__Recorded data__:

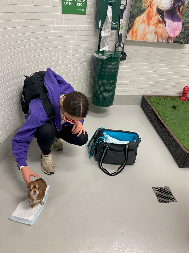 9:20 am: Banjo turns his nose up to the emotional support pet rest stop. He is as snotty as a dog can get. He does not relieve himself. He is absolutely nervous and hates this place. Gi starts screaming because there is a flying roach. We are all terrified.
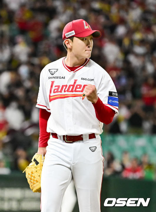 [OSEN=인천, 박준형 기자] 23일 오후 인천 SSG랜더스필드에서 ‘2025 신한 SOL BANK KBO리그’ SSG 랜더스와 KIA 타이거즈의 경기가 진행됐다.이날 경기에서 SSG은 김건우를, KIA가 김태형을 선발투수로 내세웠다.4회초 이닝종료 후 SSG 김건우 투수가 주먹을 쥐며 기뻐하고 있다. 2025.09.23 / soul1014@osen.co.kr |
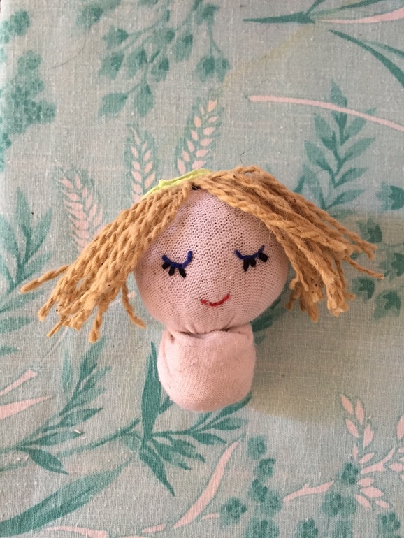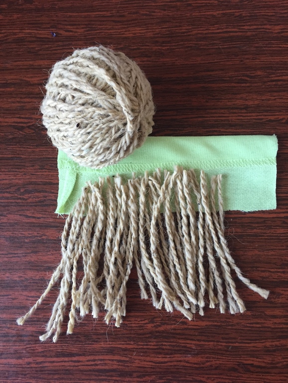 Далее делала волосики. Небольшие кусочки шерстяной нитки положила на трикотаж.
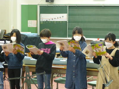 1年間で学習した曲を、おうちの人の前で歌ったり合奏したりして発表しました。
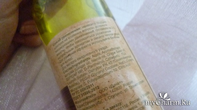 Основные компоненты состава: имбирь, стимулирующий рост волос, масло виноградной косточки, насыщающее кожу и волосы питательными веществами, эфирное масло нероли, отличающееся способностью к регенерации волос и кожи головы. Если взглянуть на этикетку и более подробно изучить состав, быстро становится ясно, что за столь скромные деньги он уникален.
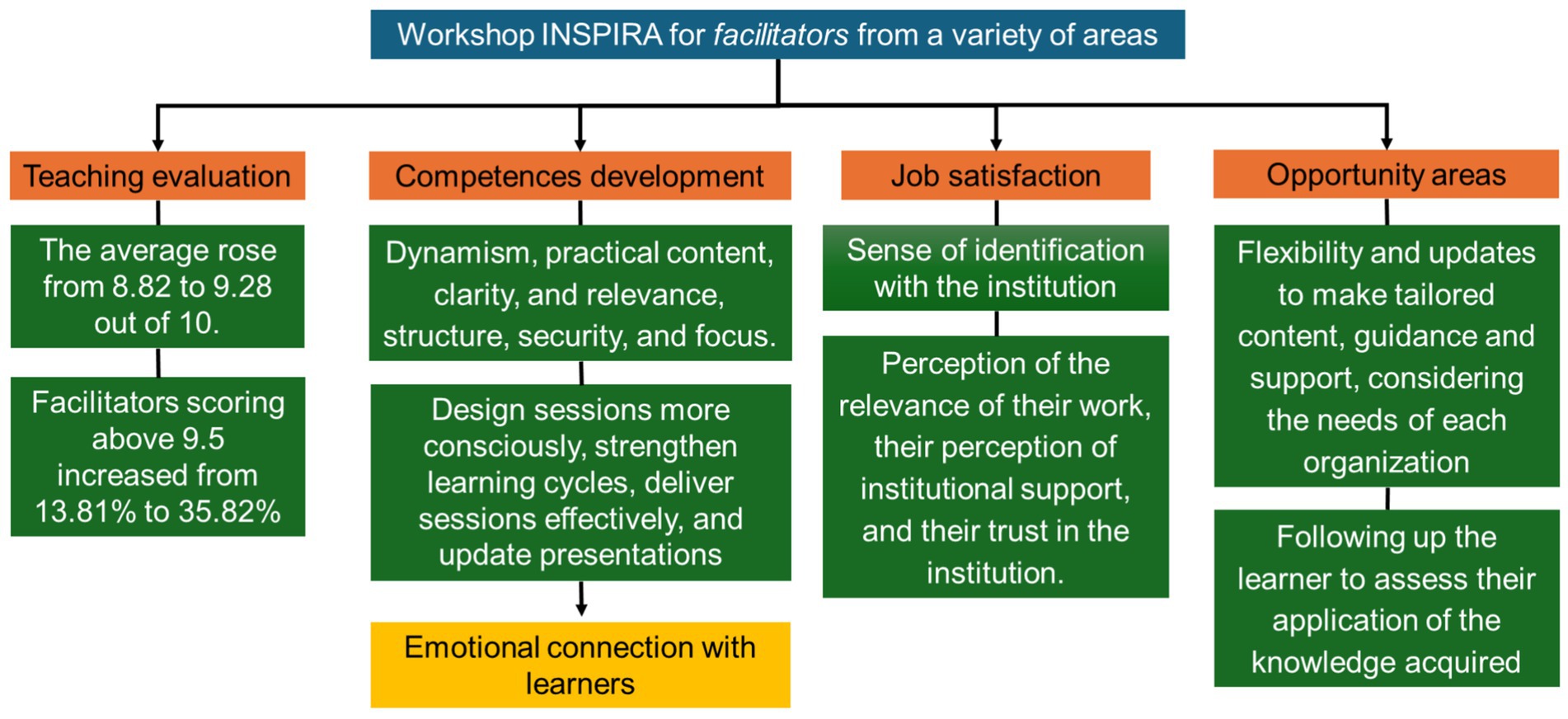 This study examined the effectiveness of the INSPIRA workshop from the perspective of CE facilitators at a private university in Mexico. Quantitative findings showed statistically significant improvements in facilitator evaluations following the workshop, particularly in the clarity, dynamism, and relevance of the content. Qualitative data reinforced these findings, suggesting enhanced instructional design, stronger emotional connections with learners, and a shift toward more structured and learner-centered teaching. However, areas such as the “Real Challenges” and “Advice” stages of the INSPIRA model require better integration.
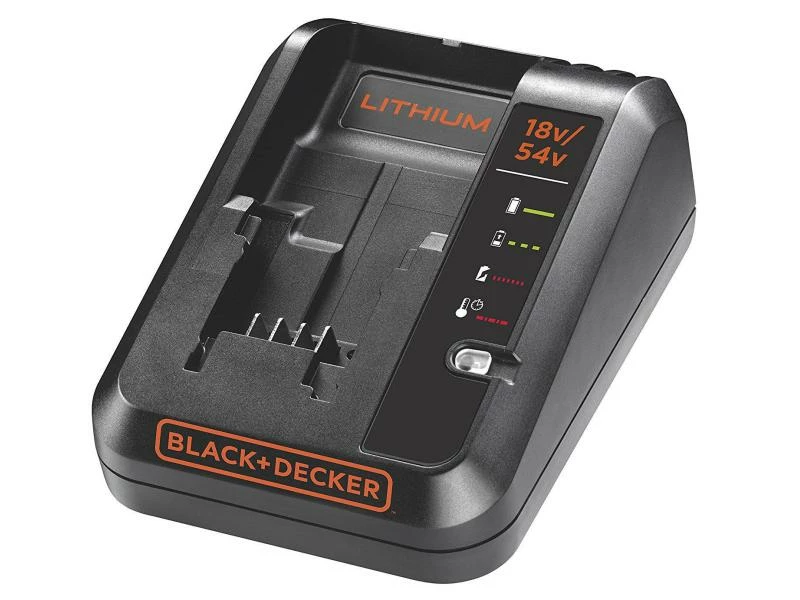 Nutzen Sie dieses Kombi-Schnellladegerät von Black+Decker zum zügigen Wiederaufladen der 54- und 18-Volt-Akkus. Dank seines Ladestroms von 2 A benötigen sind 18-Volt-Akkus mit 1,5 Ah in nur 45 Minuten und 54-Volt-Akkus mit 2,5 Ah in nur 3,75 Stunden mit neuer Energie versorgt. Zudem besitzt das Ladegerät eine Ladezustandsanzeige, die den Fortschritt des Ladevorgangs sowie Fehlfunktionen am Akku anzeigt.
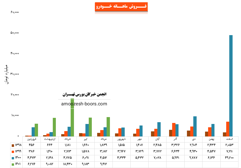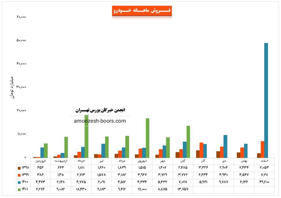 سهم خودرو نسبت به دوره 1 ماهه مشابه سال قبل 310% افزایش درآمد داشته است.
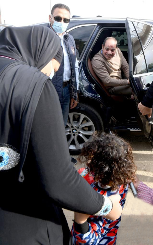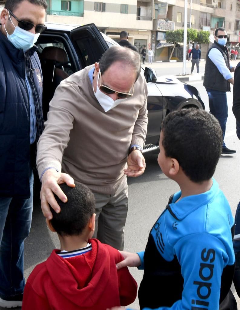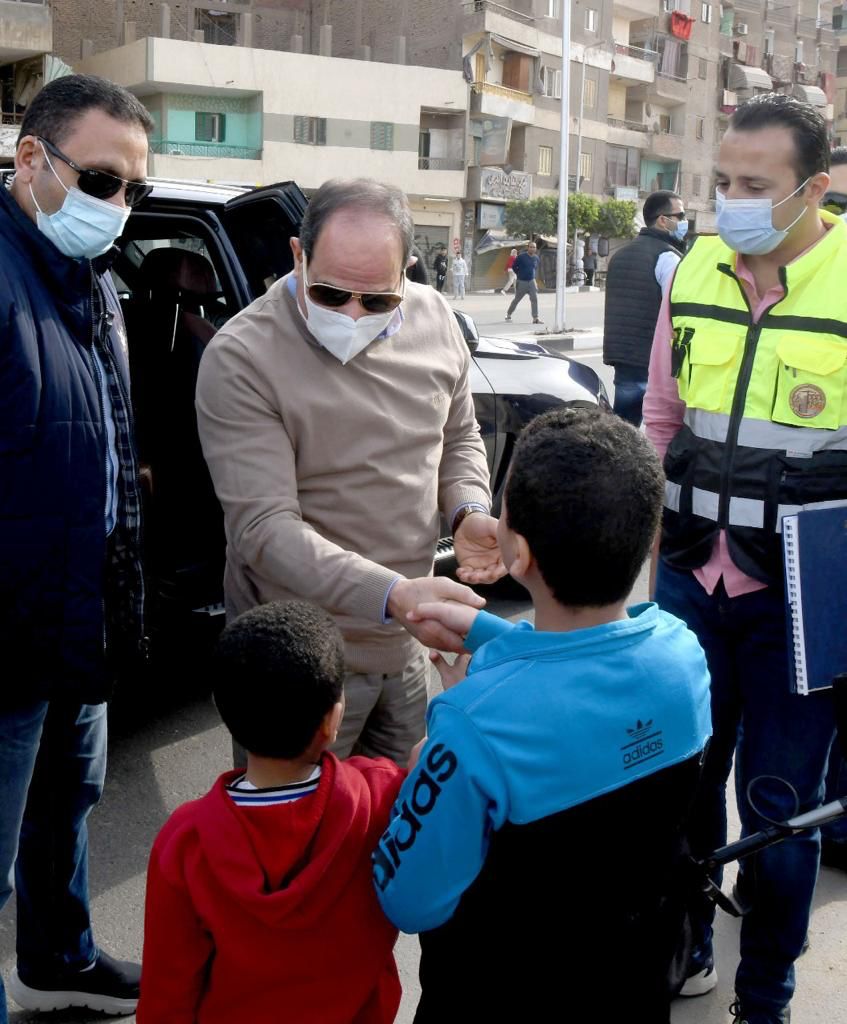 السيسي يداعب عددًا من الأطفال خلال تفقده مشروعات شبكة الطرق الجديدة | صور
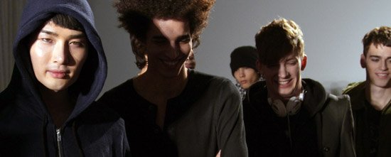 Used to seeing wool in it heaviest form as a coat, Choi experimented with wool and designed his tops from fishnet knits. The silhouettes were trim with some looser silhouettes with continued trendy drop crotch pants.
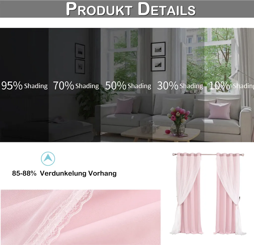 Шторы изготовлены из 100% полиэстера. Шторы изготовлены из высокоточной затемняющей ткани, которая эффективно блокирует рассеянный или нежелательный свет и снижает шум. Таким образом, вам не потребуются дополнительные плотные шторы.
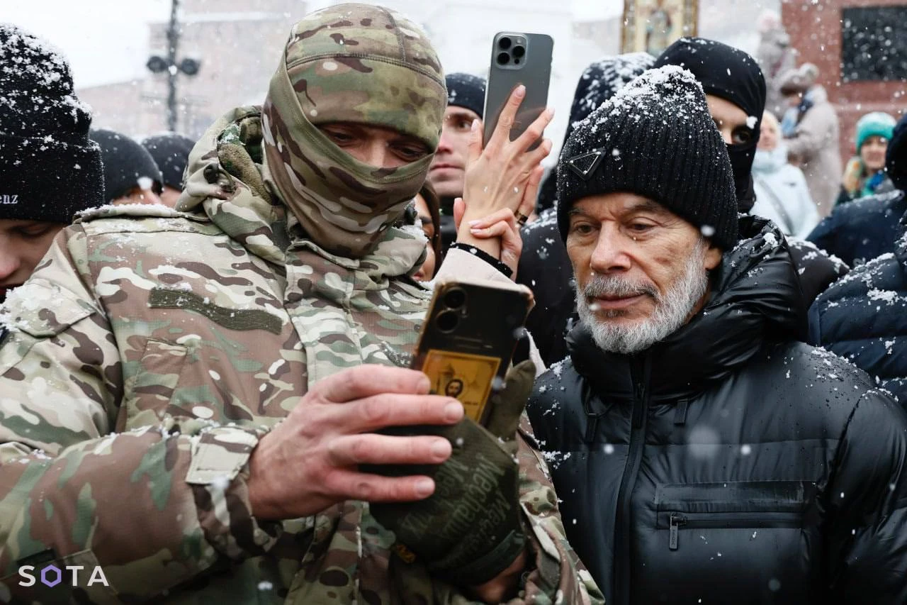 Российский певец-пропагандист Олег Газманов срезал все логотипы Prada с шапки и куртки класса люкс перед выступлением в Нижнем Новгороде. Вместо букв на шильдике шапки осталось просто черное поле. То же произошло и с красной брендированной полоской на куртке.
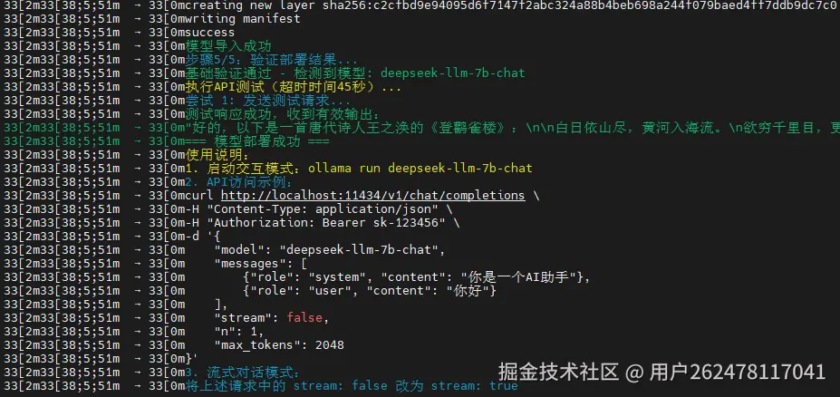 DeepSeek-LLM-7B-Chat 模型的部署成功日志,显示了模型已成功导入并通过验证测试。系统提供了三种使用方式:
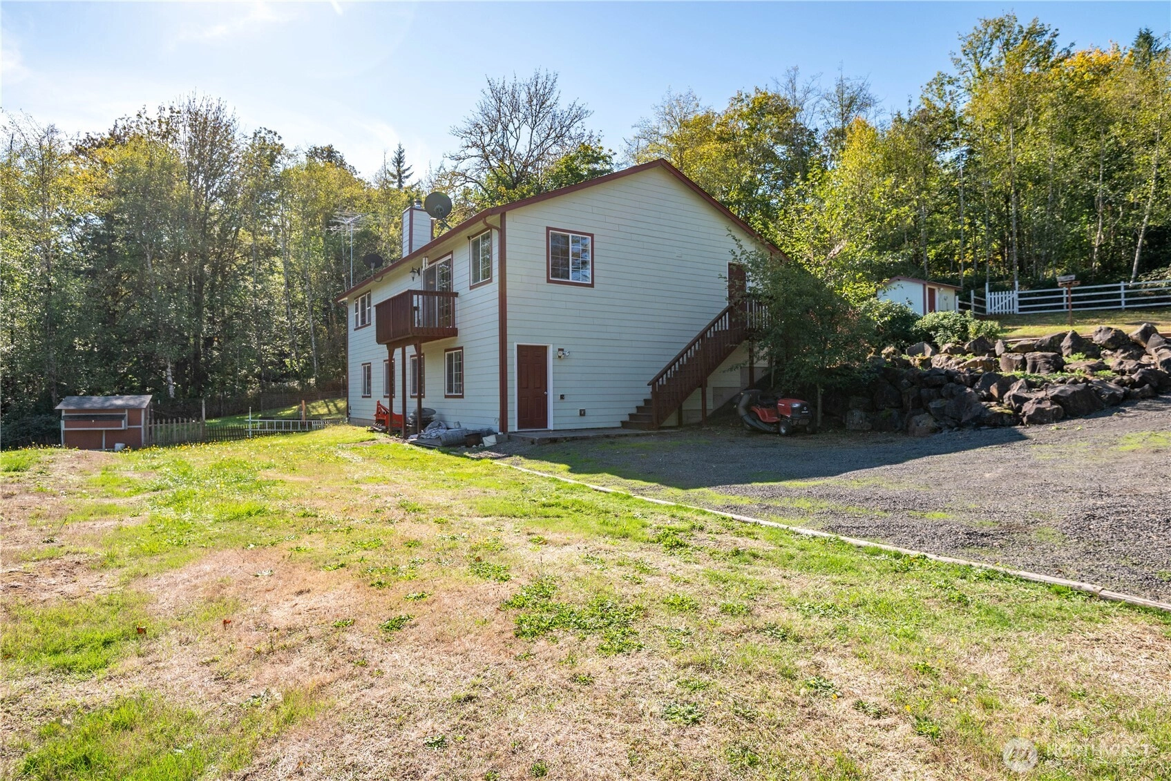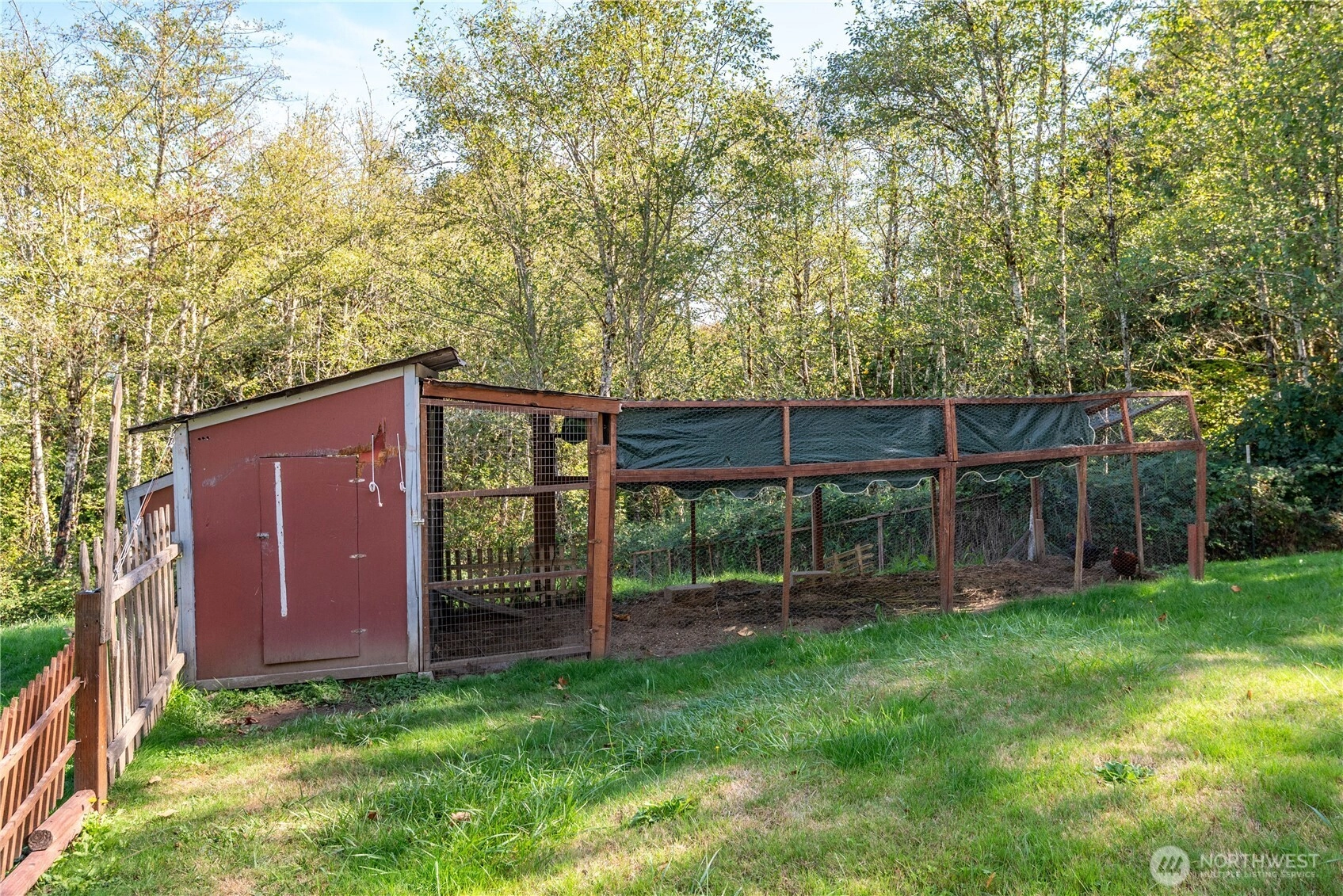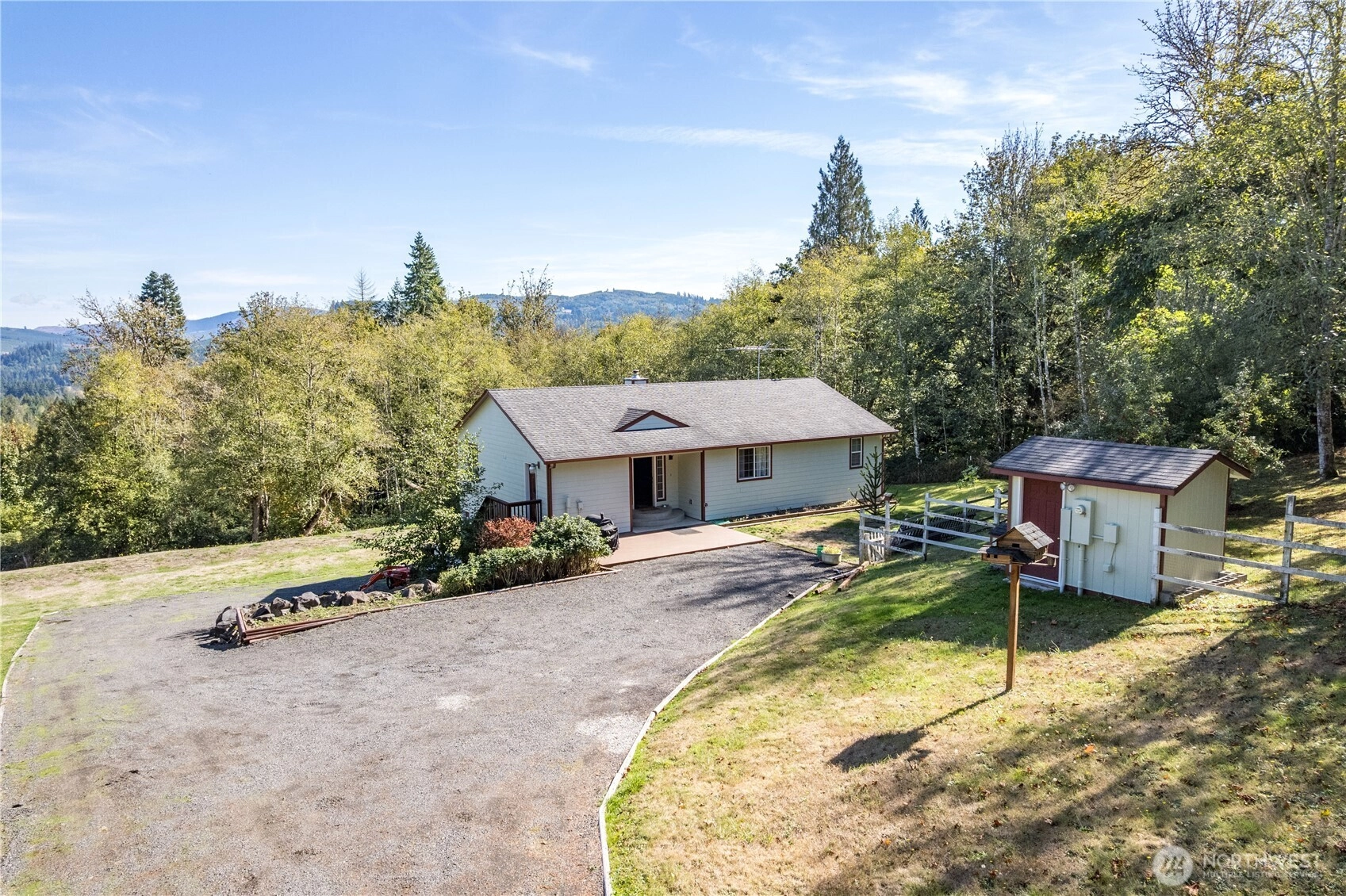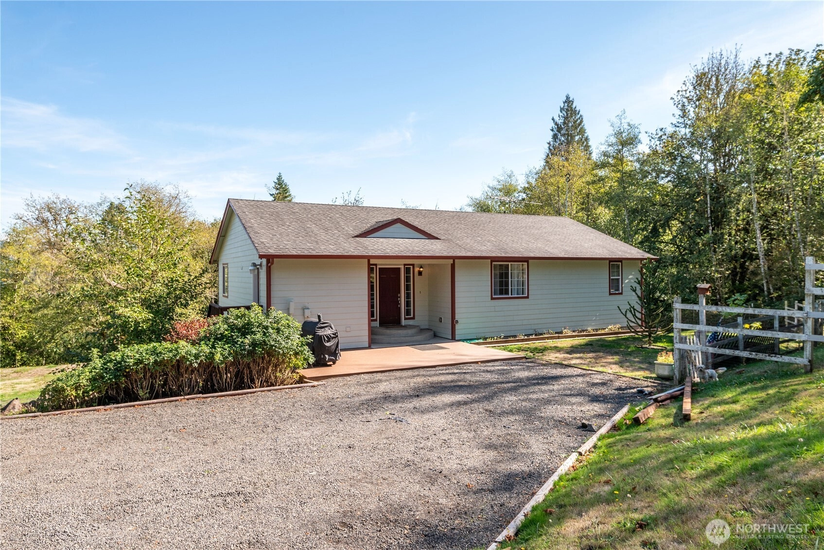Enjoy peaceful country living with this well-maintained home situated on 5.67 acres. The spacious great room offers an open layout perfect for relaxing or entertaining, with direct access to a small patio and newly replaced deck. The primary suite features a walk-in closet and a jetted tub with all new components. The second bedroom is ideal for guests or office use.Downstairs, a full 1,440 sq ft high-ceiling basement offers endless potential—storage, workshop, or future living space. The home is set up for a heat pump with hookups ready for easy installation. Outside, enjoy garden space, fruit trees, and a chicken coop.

__Task to carry out__: Begin with the first line of the entries above and write out each line exactly, ending with the line containing "1年間で学習した曲を、おうちの人の前で歌ったり合奏したりして発表しました。". Leave out pictures.

__Task answer__:
 9:20 am: Banjo turns his nose up to the emotional support pet rest stop. He is as snotty as a dog can get. He does not relieve himself. He is absolutely nervous and hates this place. Gi starts screaming because there is a flying roach. We are all terrified.
 [OSEN=인천, 박준형 기자] 23일 오후 인천 SSG랜더스필드에서 ‘2025 신한 SOL BANK KBO리그’ SSG 랜더스와 KIA 타이거즈의 경기가 진행됐다.이날 경기에서 SSG은 김건우를, KIA가 김태형을 선발투수로 내세웠다.4회초 이닝종료 후 SSG 김건우 투수가 주먹을 쥐며 기뻐하고 있다. 2025.09.23 / soul1014@osen.co.kr |
 Далее делала волосики. Небольшие кусочки шерстяной нитки положила на трикотаж.
 1年間で学習した曲を、おうちの人の前で歌ったり合奏したりして発表しました。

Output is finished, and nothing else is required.